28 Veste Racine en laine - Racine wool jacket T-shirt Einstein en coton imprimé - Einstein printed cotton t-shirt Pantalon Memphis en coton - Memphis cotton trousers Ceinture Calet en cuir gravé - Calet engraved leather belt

...

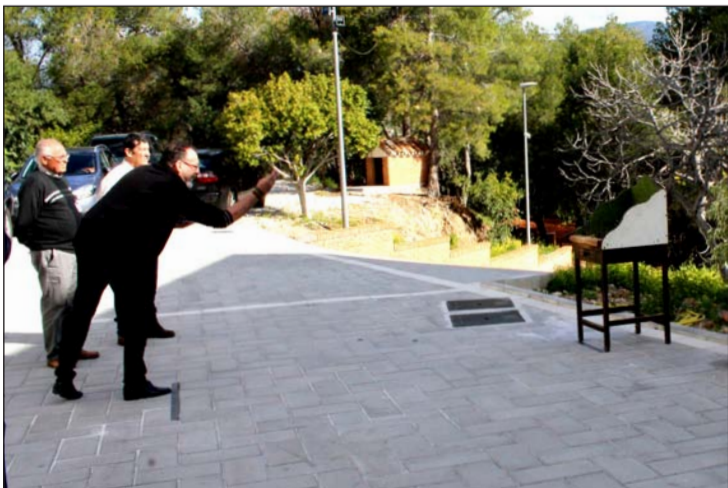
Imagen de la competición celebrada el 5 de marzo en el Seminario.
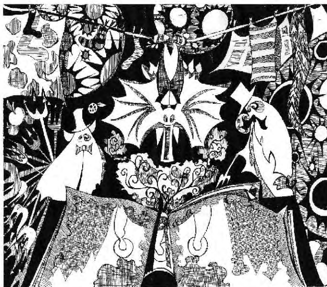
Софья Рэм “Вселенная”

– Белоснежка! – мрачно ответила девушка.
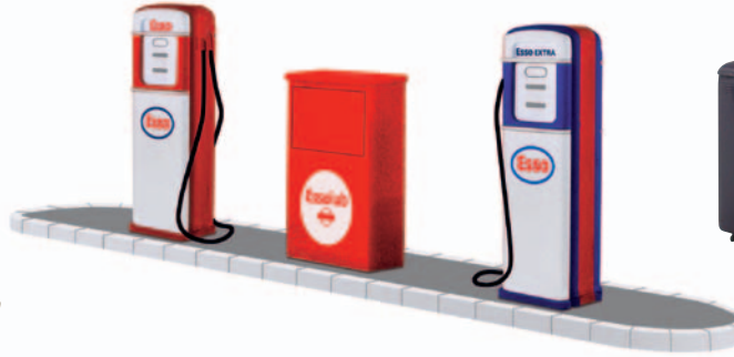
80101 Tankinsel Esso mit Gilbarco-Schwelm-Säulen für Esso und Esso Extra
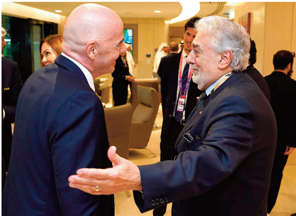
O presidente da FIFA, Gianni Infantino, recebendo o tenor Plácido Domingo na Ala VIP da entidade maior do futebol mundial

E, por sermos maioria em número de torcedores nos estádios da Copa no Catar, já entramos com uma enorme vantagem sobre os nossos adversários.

● **Work request**: Starting from the line with "Imagen de la" in the records above, repeat each line exactly until you have written the line with "O presidente da", then stop; drop the pictures.

● **Result below**:
Imagen de la competición celebrada el 5 de marzo en el Seminario.
Софья Рэм “Вселенная”

– Белоснежка! – мрачно ответила девушка.
80101 Tankinsel Esso mit Gilbarco-Schwelm-Säulen für Esso und Esso Extra
O presidente da FIFA, Gianni Infantino, recebendo o tenor Plácido Domingo na Ala VIP da entidade maior do futebol mundial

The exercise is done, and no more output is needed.